Четвертый день продолжался поход Красной армии на разгромленную немцами Польшу, и за столом разгорелись горячие споры.
– Что бы вы ни говорили, это нехорошо, – морщилась Ахматова. – Лев забил антилопу, а мы, как шакалы, кинулись полакомиться чужой добычей. Это так неблагородно, друзья мои, и я не понимаю, чему вы радуетесь. Стыдитесь!
В последние годы Анна Андреевна испытала много страданий. Ее стихи не печатались вот уже больше десяти лет, а тут еще разрыв с третьим мужем Пуниным и арест единственного сына Льва, которого отправили на пять лет в лагеря. Сейчас она работала над поэмой «Реквием».

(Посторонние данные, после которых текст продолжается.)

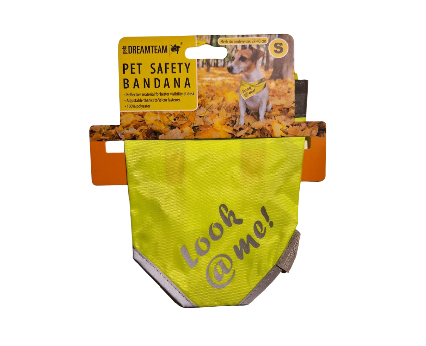 The Dreamteam Pet Safety Bandana features reflective strips for high visibility during night walks, keeping pets safe in low-light conditions. Made from soft, breathable fabric with an adjustable strap, it ensures a comfortable and secure fit for various pets. Stylish, durable, and practical, it combines fashion with essential safety for outdoor adventures.

– Я стыдиться не намерен, – сказал Ермолинский. – Да, некрасиво, да, неблагородно. Но это если, как вы, сравнивать со львом, антилопой и шакалами. В данном случае подобное сравнение неуместно. Поляки кичились своей якобы непобедимой армией, с презрением относились к нашим предложениям о союзе против Германии, а теперь они молниеносно разгромлены вдребезги, и Германия выходит к нашим границам по линии от Минска до Карпат. Разве это можно допустить?
– Не знаю, не знаю, – ворчливо резала эскалоп Анна Андреевна. Малюсенькие кусочки отправляла в недовольный ротик.
– Сергей прав, – поддержал друга Булгаков. – Сталин в данном случае молодец. Он, скажу вам по секрету, нарочно прервал нашу поездку в Ленинград, вызвал меня к себе и говорит: «Товарищ Булгаков, нам без вашего совета хана. Тут вот некоторые Ворошиловы и Буденные не хотят воевать с поляками. Пусть, говорят, с ними Тухачевские воюют. Но Тухачевские у нас малость подрасстреляны, зато есть другие. А некоторые говорят, что нехорошо бросаться доедать антилопу, поваленную львом, мол, мы на шакалов будем похожи. Как вы считаете?» И я ему смело ответил: «Товарищ Сталин, надо немедленно двинуть войска, и, пока немцы не захватили все польские города, нужно захватить Вильно, Ровно, Дубно, Гродно, Жадно, Смрадно, Брудно и Бздудно».
– Таких нет городов, – возмутилась Елена Сергеевна. – Во всяком случае никакого Бздудно. Ну Миша!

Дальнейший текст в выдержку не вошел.